Testing was performed on a spare self-built computer consisting of an Intel Core i7-4770k CPU, 16GB DDR3 RAM, 240GB Intel 730-series SATAIII SSD on an Asrock Z97M-ITX/ac motherboard. The operating system was Windows 10 Pro 64-bit edition, version 21H2. PathWave BenchVue individual app versions were 2021.1 for DMM and FG and 2021.2 for PSU and Scope. Keysight BenchVue Platform version installed was 2020 Update 2.0, with Keysight I/O Libraries 18.2.26526.0. All versions were the latest available at the time of publication.

Initial Licensing

Once the software is installed and the instruments are connected, the “BenchVue Included” license can be claimed. To do this requires opening any of the apps, and opening the licensing window from the top right corner “?” button.

The process of claiming the license requires selecting the instruments to claim licenses for, entering your personal details and sending an activation request. If the computer is directly connected to the internet, the process should complete and grant you access to the app.
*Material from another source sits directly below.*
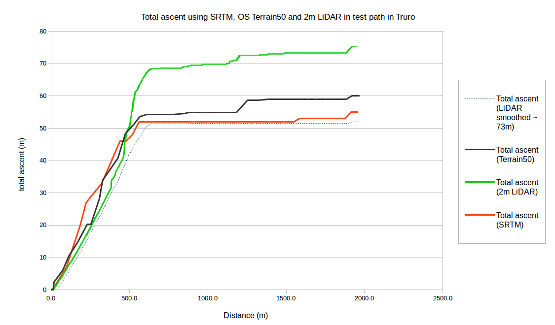 The total ascents were 52m, 55m, 60m, and 75m respectively for the smoothed LiDAR, SRTM, Terrain 50, and unsmoothed LiDAR respectively.

Test instrument vendors have had a “hard” time with software, at times making them paid options which hampers adoption or by providing them entirely free but rarely being well-supported or feature-complete. BenchVue takes a “middle ground” where the software is not free, but licenses are now being included in many of their instruments or can be purchased individually. The hardware included licenses are extremely flexible (at the time of this review, and subject to change), allowing the one instrument to be connected to multiple computers to activate multiple copies of BenchVue. As long as the licensed instrument is re-connected to the computer at least once every year, the license will remain functional. Furthermore, licensing in this fashion unlocks the complete app – meaning that unlocking PathWave BenchVue Power Supply by using an EDU instrument also allows pre-BenchVue Included but supported instruments to be used! That’s a generous bonus.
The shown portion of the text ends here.